_Saved data entries_:
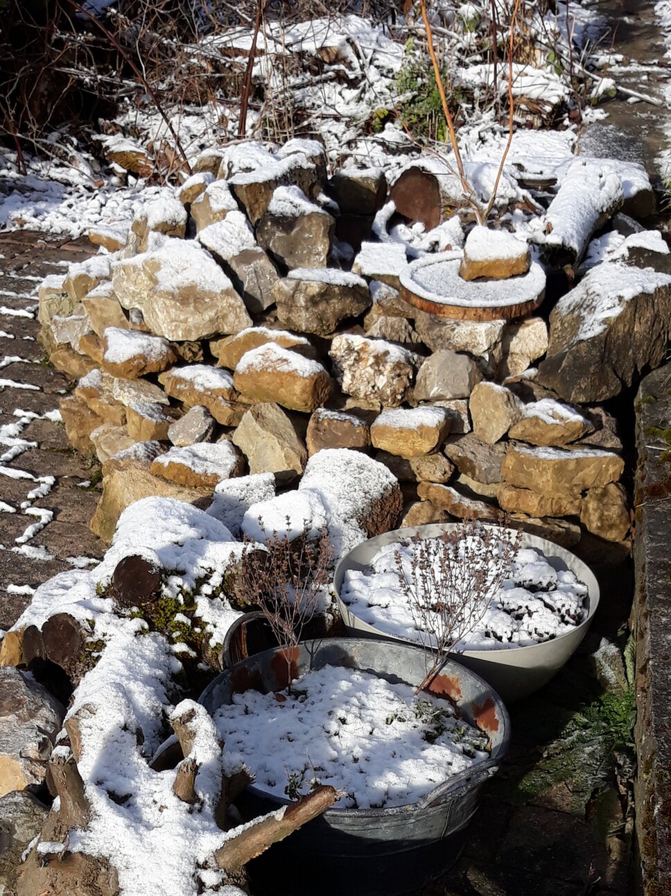 ... liegt für mich günstig erreichbar am gepflasterten Wäschetrockenplatz und zählt zur Pufferzone. Damit ist er ebenso wie die Stumpery und der Topfgarten im Hof immer ein lohnendes Winterprojekt, bei welchem man "fast gar nicht" bei der Winterruhe stört... hoffentlich! Die Spatzen flattern auf die umliegenden Dächer sobald ich ein neues Reisigbündel bringe und wenn ich mich auch nur kurz entferne, überprüfen sie sofort begeistert die Erweiterungen ihres Domizils. Da die Nachbarin seit vielen Jahren ganzjährig füttert, sind die Piepmätze Menschen gegenüber relativ mutig und gelassen. Im Moment fällt viel Baumschnitt aus der Nachbarschaft an und "Spatzenhausen" ist jetzt höher als ich.
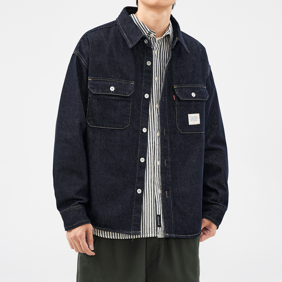 男复古水洗牛仔外套秋季 衬衫 宽松上衣内搭外穿 森马长袖 森柔牛仔
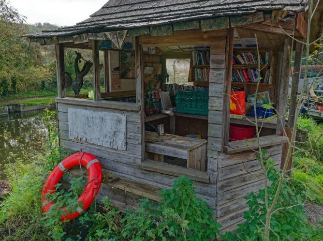 “I was fascinated by an extremely small bright blue boat, where, we were told, an artist lived. On the other side of the canal one of our group spotted a quirky looking shed, which turned out to be a ‘library’ used by the canal community.”
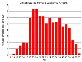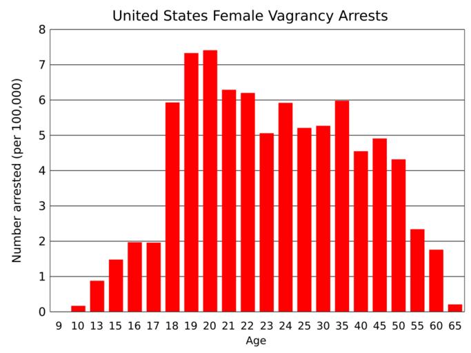 Keywords: US female arrests for vagrancy by age.svg translate yes en Arrests in the United States of females for vagrancy in 2014 by age Data from https //www fbi gov/about-us/cjis/ucr/crime-in-the-u s/2014/crime-in-the-u s -2014/tables/table-40 UCR 2016-05-25 own Delphi234 other versions cc-zero Arrest statistics for the United States SVG bar charts Histograms |
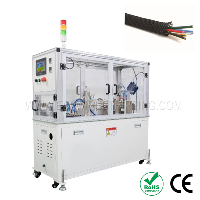 Features a high-precision automatic cutting system with a micro-adjustable photoelectric control, ensuring accurate and clean cuts for various types of braided sleeving to a set length.
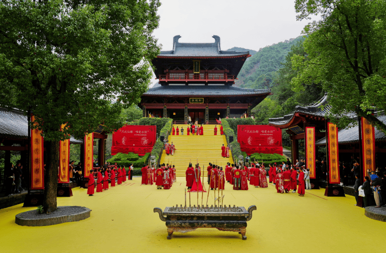 一看显示屏,进景区的门票是90元,我因为有退伍军人优待证,则可以免费进入游玩。从昨天对面的位置看鼎湖峰,孤石屹立,状如春笋,直刺云天,高大雄伟,景色亦有不同之变,有渔夫撑着小船在清澈的湖面上往返游弋,供游客拍照。 从鼎湖峰沿着台阶行走,便是黄帝祠。其前身为始建于东晋咸和年间的缙云堂,相传是黄帝三大行宫之三天子都。唐天宝七年唐玄宗李隆基敕改为黄帝祠宇,北宋治平年间救改为玉虚宫,宋元时期达到鼎盛,拥有建筑24座,清顺治年间毁于兵燹。1998年重新建成,有宫门、轩辕殿、缙云堂、怀祖堂、腾龙阁、游龙轩等,建筑面积5700平米。黄帝祠宇结构上由三重院落组成,呈梯状由低到⾼分布,与陕西黄帝陵遥相呼应,形成“北陵南祠”格局,是中国南方黄帝祭祀中心和黄帝文化辐射中心。每年清明节、重阳节举行的缙云轩辕祭典是国家级非物质文化遗产。《汉武大帝》《天龙八部(张纪中版)》《狄仁杰之通天帝国》《笑傲江湖》《少年神探狄仁杰》《花千骨》《青丘狐传说》《新神雕侠侣》等影视剧在此拍摄。当天正好有一个集体婚礼在黄帝祠举行,27对新人身着唐代风格婚服,在仙都黄帝祠宇许下白头之约,吸引了众多的游客围观,给我们的行程增添了一道文化气息浓厚的景观。
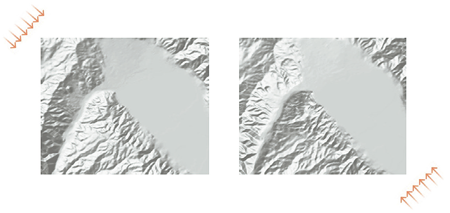 同じ数値標高地形モデルに対して左図は左上から右下へ、右図は右下から左上に光線を照射したもの。各々の図の左手の尾根筋と谷筋が逆転して見えるであろう。衛星画像でも同様な現象が生じることがある。
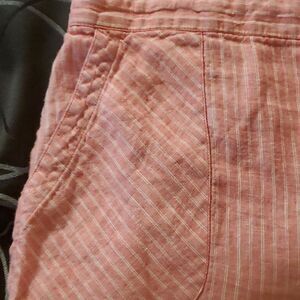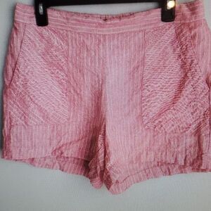 Ellen Tracy 100% Linen Pink White Stripes Elastic Waist Pull On Shorts
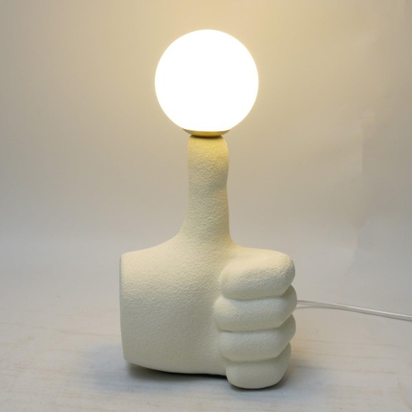 Lampe veilleuse design en porcelaine, poing fermé et sphère lumineuse sur le pouce levée, lampe G9 non incluse, hauteur 28 cm
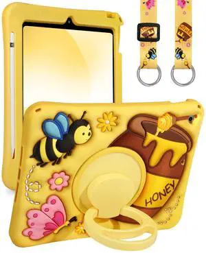 Boaretiu for iPad 9th/8th/7th Generation Case - Cute Cartoon with Shoulder Strap & Rotating Stand & Pencil Holder for Girls Boys Teens Soft Silicone Yellow 10.2 Inch Protective Case 2021/2020/2019
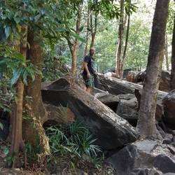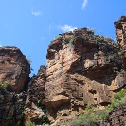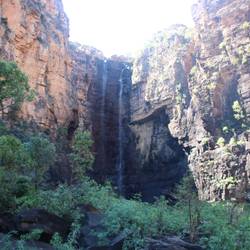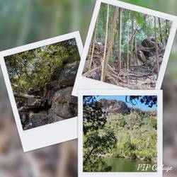 Um zu den Jim Jim Falls zu kommen, muss man laut Angaben auf einer Tafel noch 900 Meter gehen....und wir haben von gestern gelernt, als wir mit Flip Flops im Gebirge auf den Sandsteinformationen herumkletterten....Treckingschuhe an und los ging es, zuerst zum Creek (Bach) mit leeren Krokodilfallen und einem Blick zum Wasserfalll...... und dann weiter Richtung Wasserfall....wir kletterten kreuz und quer über riesige Steine und hangelten uns schmale Wege entlang....als Schweizer kannte Marc so etwas sehr gut....für mich, als Flachlandtiroler, war es an einigen Stellen schon eine Herausforderung....aber Aufgeben war keine Option...und dann hatten wir den Blick auf den ca. 200 Meter hohen Wasserfall....Irgendwie hatten wir gedacht, dass da mehr Wasser den Berg runterfällt, aber es ist Trockenzeit.😏 Direkt bis zum Pool des Wasserfalls sind wir denn doch nicht mehr geklettert, da der Weg über die Steine nun schon sehr beschwerlich und auch glitschig wurde und wir zum anderen auch nicht im Pool baden wollten, da die Sache mit den Salzwasser- als auch Süßwasserkrokodilen uns nicht so geheuer ist.
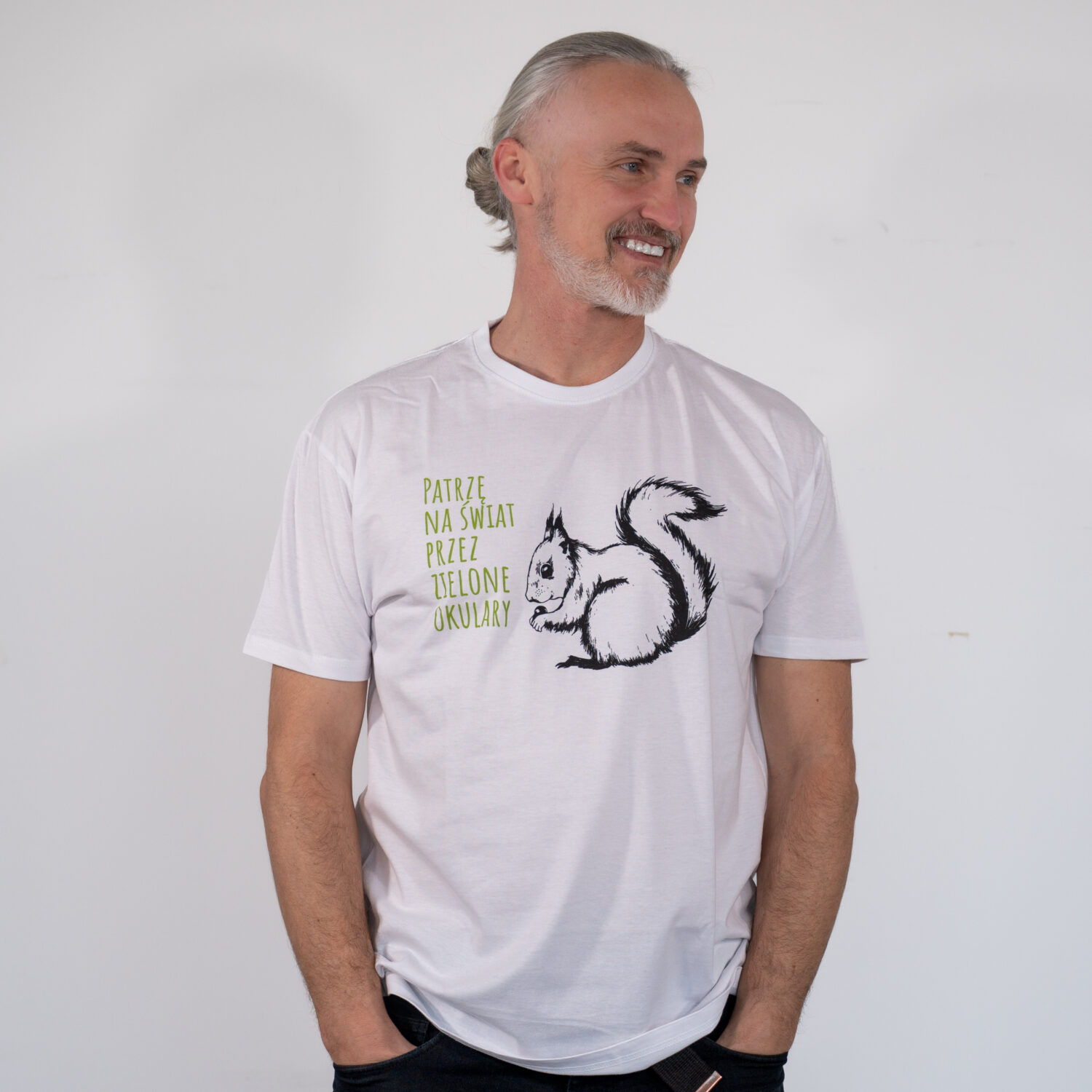 Koszulka bawełniana w kolorze białym z napisem Patrzę na świat przez zielone okulary. Posiada uniwersalny, prosty krój.
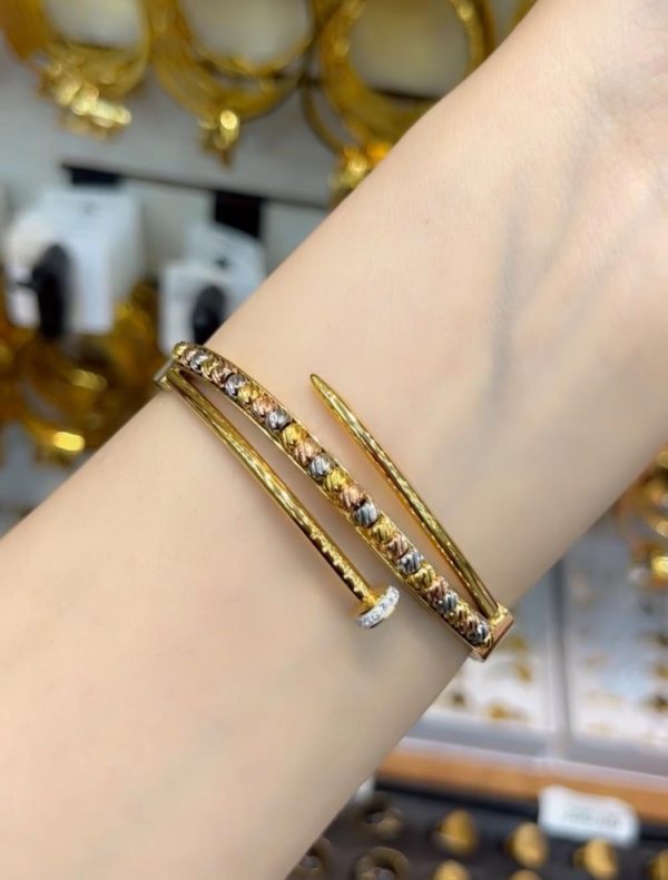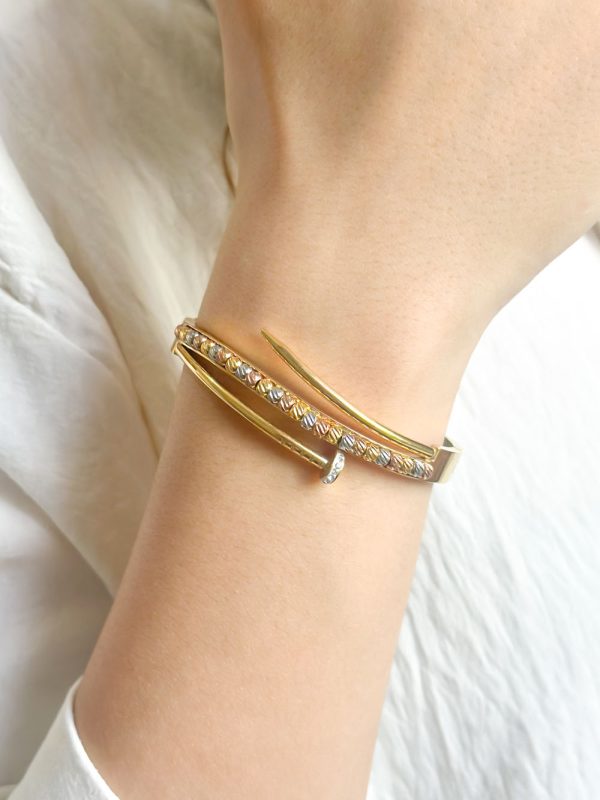 Le Cartier Clou Moderne réinvente le concept du clou avec une touche contemporaine et minimaliste. Son design fluide épouse le poignet avec élégance, offrant une allure urbaine et sophistiquée. Ce bijou allie le caractère brut du métal à la douceur des lignes arrondies, créant une harmonie parfaite entre puissance et délicatesse.

_Aim of the task_:
Each line above is to be duplicated exactly, and the pictures are to be omitted.

_Response_:
 ... liegt für mich günstig erreichbar am gepflasterten Wäschetrockenplatz und zählt zur Pufferzone. Damit ist er ebenso wie die Stumpery und der Topfgarten im Hof immer ein lohnendes Winterprojekt, bei welchem man "fast gar nicht" bei der Winterruhe stört... hoffentlich! Die Spatzen flattern auf die umliegenden Dächer sobald ich ein neues Reisigbündel bringe und wenn ich mich auch nur kurz entferne, überprüfen sie sofort begeistert die Erweiterungen ihres Domizils. Da die Nachbarin seit vielen Jahren ganzjährig füttert, sind die Piepmätze Menschen gegenüber relativ mutig und gelassen. Im Moment fällt viel Baumschnitt aus der Nachbarschaft an und "Spatzenhausen" ist jetzt höher als ich.
 男复古水洗牛仔外套秋季 衬衫 宽松上衣内搭外穿 森马长袖 森柔牛仔
 “I was fascinated by an extremely small bright blue boat, where, we were told, an artist lived. On the other side of the canal one of our group spotted a quirky looking shed, which turned out to be a ‘library’ used by the canal community.”
 Keywords: US female arrests for vagrancy by age.svg translate yes en Arrests in the United States of females for vagrancy in 2014 by age Data from https //www fbi gov/about-us/cjis/ucr/crime-in-the-u s/2014/crime-in-the-u s -2014/tables/table-40 UCR 2016-05-25 own Delphi234 other versions cc-zero Arrest statistics for the United States SVG bar charts Histograms |
 Features a high-precision automatic cutting system with a micro-adjustable photoelectric control, ensuring accurate and clean cuts for various types of braided sleeving to a set length.
 一看显示屏,进景区的门票是90元,我因为有退伍军人优待证,则可以免费进入游玩。从昨天对面的位置看鼎湖峰,孤石屹立,状如春笋,直刺云天,高大雄伟,景色亦有不同之变,有渔夫撑着小船在清澈的湖面上往返游弋,供游客拍照。 从鼎湖峰沿着台阶行走,便是黄帝祠。其前身为始建于东晋咸和年间的缙云堂,相传是黄帝三大行宫之三天子都。唐天宝七年唐玄宗李隆基敕改为黄帝祠宇,北宋治平年间救改为玉虚宫,宋元时期达到鼎盛,拥有建筑24座,清顺治年间毁于兵燹。1998年重新建成,有宫门、轩辕殿、缙云堂、怀祖堂、腾龙阁、游龙轩等,建筑面积5700平米。黄帝祠宇结构上由三重院落组成,呈梯状由低到⾼分布,与陕西黄帝陵遥相呼应,形成“北陵南祠”格局,是中国南方黄帝祭祀中心和黄帝文化辐射中心。每年清明节、重阳节举行的缙云轩辕祭典是国家级非物质文化遗产。《汉武大帝》《天龙八部(张纪中版)》《狄仁杰之通天帝国》《笑傲江湖》《少年神探狄仁杰》《花千骨》《青丘狐传说》《新神雕侠侣》等影视剧在此拍摄。当天正好有一个集体婚礼在黄帝祠举行,27对新人身着唐代风格婚服,在仙都黄帝祠宇许下白头之约,吸引了众多的游客围观,给我们的行程增添了一道文化气息浓厚的景观。
 同じ数値標高地形モデルに対して左図は左上から右下へ、右図は右下から左上に光線を照射したもの。各々の図の左手の尾根筋と谷筋が逆転して見えるであろう。衛星画像でも同様な現象が生じることがある。
 Ellen Tracy 100% Linen Pink White Stripes Elastic Waist Pull On Shorts
 Lampe veilleuse design en porcelaine, poing fermé et sphère lumineuse sur le pouce levée, lampe G9 non incluse, hauteur 28 cm
 Boaretiu for iPad 9th/8th/7th Generation Case - Cute Cartoon with Shoulder Strap & Rotating Stand & Pencil Holder for Girls Boys Teens Soft Silicone Yellow 10.2 Inch Protective Case 2021/2020/2019
 Um zu den Jim Jim Falls zu kommen, muss man laut Angaben auf einer Tafel noch 900 Meter gehen....und wir haben von gestern gelernt, als wir mit Flip Flops im Gebirge auf den Sandsteinformationen herumkletterten....Treckingschuhe an und los ging es, zuerst zum Creek (Bach) mit leeren Krokodilfallen und einem Blick zum Wasserfalll...... und dann weiter Richtung Wasserfall....wir kletterten kreuz und quer über riesige Steine und hangelten uns schmale Wege entlang....als Schweizer kannte Marc so etwas sehr gut....für mich, als Flachlandtiroler, war es an einigen Stellen schon eine Herausforderung....aber Aufgeben war keine Option...und dann hatten wir den Blick auf den ca. 200 Meter hohen Wasserfall....Irgendwie hatten wir gedacht, dass da mehr Wasser den Berg runterfällt, aber es ist Trockenzeit.😏 Direkt bis zum Pool des Wasserfalls sind wir denn doch nicht mehr geklettert, da der Weg über die Steine nun schon sehr beschwerlich und auch glitschig wurde und wir zum anderen auch nicht im Pool baden wollten, da die Sache mit den Salzwasser- als auch Süßwasserkrokodilen uns nicht so geheuer ist.
 Koszulka bawełniana w kolorze białym z napisem Patrzę na świat przez zielone okulary. Posiada uniwersalny, prosty krój.
 Le Cartier Clou Moderne réinvente le concept du clou avec une touche contemporaine et minimaliste. Son design fluide épouse le poignet avec élégance, offrant une allure urbaine et sophistiquée. Ce bijou allie le caractère brut du métal à la douceur des lignes arrondies, créant une harmonie parfaite entre puissance et délicatesse.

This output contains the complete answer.